31. Next Permutation

math

A permutation of an array of integers is an arrangement of its members into a sequence or linear order.

• For example, for arr = [1,2,3], the following are all the permutations of arr: [1,2,3], [1,3,2], [2, 1, 3], [2, 3, 1], [3,1,2], [3,2,1].

The next permutation of an array of integers is the next lexicographically greater permutation of its integer. More formally, if all the permutations of the array are sorted in one container according to their lexicographical order, then the next permutation of that array is the permutation that follows it in the sorted container. If such arrangement is not possible, the array must be rearranged as the lowest possible order (i.e., sorted in ascending order).

• For example, the next permutation of arr = [1,2,3] is [1,3,2].

• Similarly, the next permutation of arr = [2,3,1] is [3,1,2].

• While the next permutation of arr = [3,2,1] is [1,2,3] because [3,2,1] does not have a lexicographical larger rearrangement.

Given an array of integers nums, find the next permutation of nums.

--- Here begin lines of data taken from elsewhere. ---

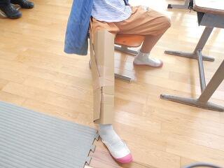 また、関節の動きを理解するために、段ボールギブスを曲がる部分に付け固定するとどうなるかを体験することにしました。
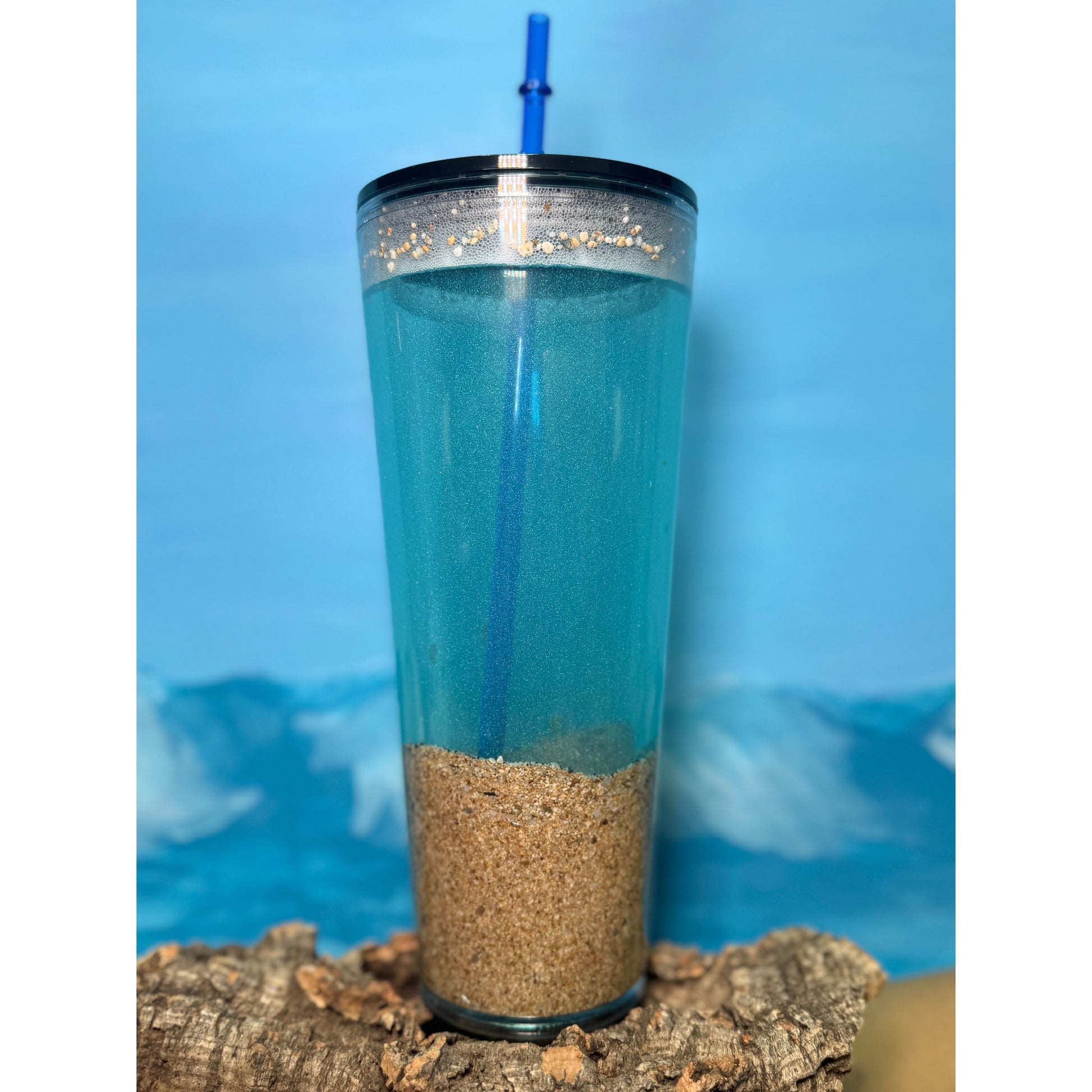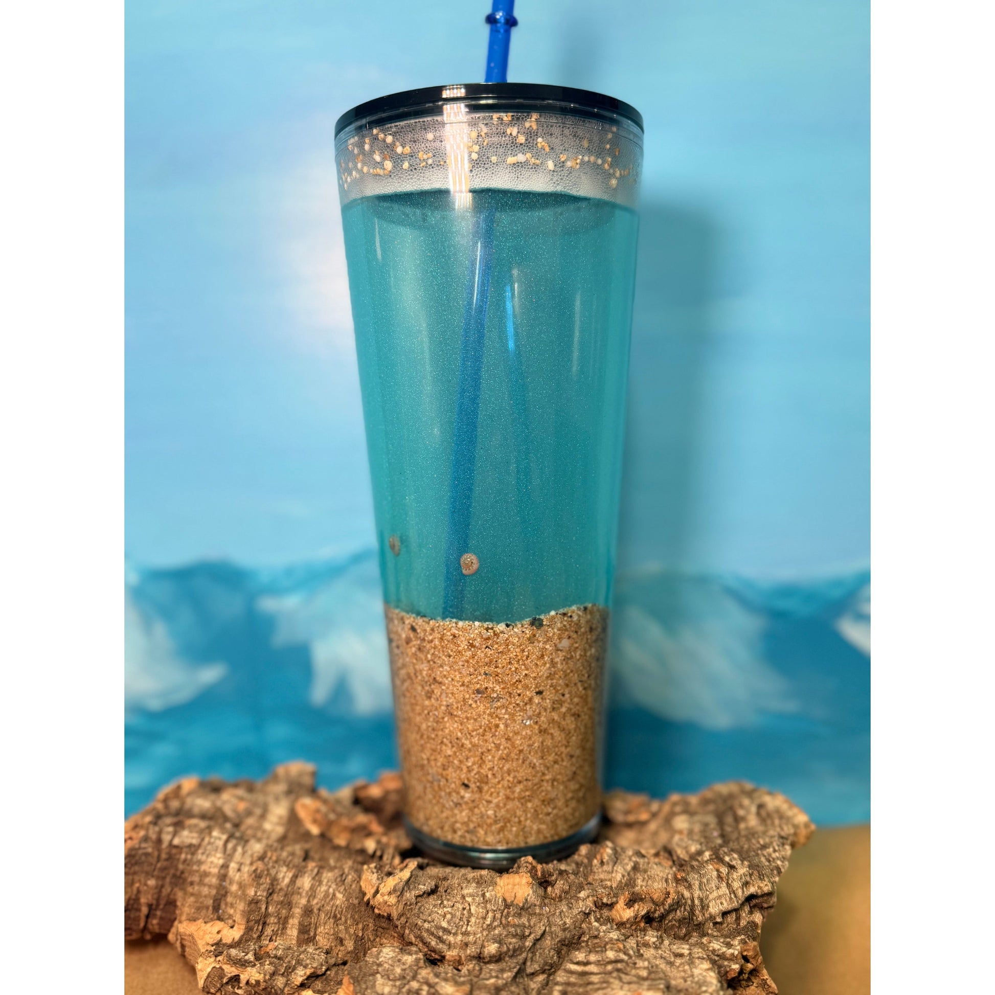 Ocean Globe Acrylic 24oz Tumbler with Hawaiian Sand, white Florida Gulf and Florida Atlantic Ocean with Crushed Abalone and sea shells
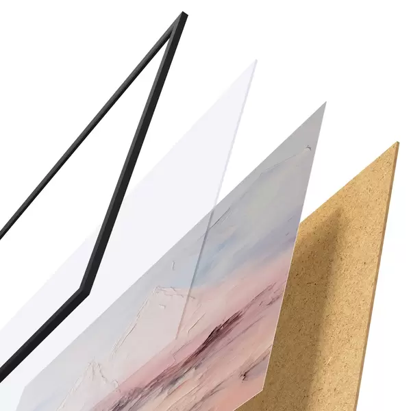 De poster bestaat uit een frame, plexiglas, geprinte afbeelding en spaanplaat achterkant. De poster kan meteen aan de muur worden gehangen dankzij de bevestigingen op de achterkant.
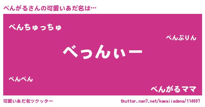 | 意味不明あだ名 | 『とにかく怪しいべんがる』 |
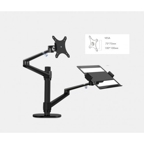 The UPERGO OL-3L Monitor and Laptop Desk Mount is a versatile 2-in-1 mounting solution designed to hold both a monitor and a laptop for an ergonomic and clutter-free workspace. Featuring a dual-arm gas-spring mechanism, it allows smooth height, tilt, and swivel adjustments for optimal viewing comfort. Ideal for professionals, creators, and gamers alike, the OL-3L helps you align your screens perfectly, saving valuable desk space while keeping cables neatly organized.
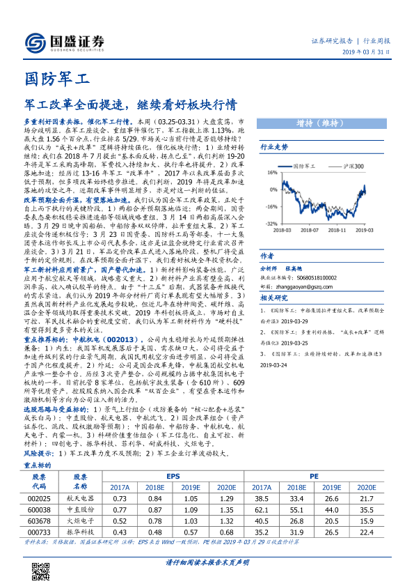 【国盛证券】【20190331】国防军工行业周报:军工改革全面提速,继续看好板块行情-16页
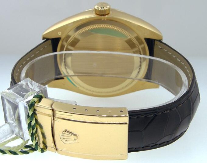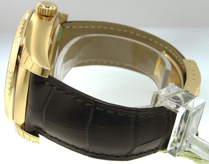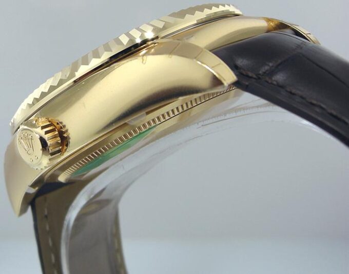 Guaranteed Authentic Rolex Sky-Dweller with a 42mm 18K yellow gold case and a champagne Arabic dial. This fine timepiece features a date indicator, an off-center command ring, an 18K yellow gold fluted bezel, and a brown leather strap with an 18K yellow gold clasp. This watch is unworn with tags and its box.
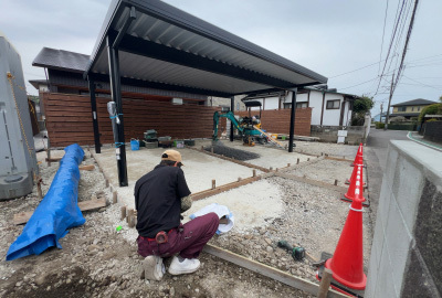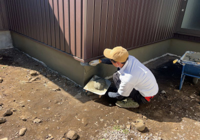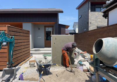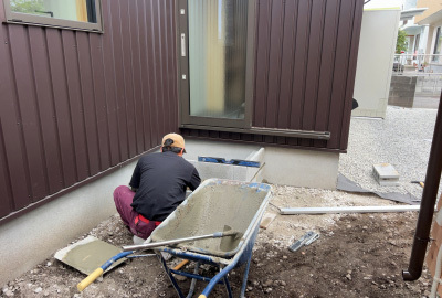基礎の巾木塗りも行い、ついに外構工事も始まります!

The replacement must be in place and use only constant extra memory.

Example 1:

Input: nums = [1,2,3]
Output: [1,3,2]

Example 2:

Input: nums = [3,2,1]
Output: [1,2,3]

Example 3:

Input: nums = [1,1,5]
Output: [1,5,1]

Constraints:

• 1 <= nums.length <= 100

• 0 <= nums[i] <= 100

分析

记得数组切分时候，会建立一个新的数组，就不在原数组上做了

问题定义： 给定一个整数数组 nums，找到它的“下一个排列”（即字典序比当前排列大的最小排列）。如果当前排列已经是最大的排列（如 [3,2,1]），则返回最小的排列（即升序排列 [1,2,3]）。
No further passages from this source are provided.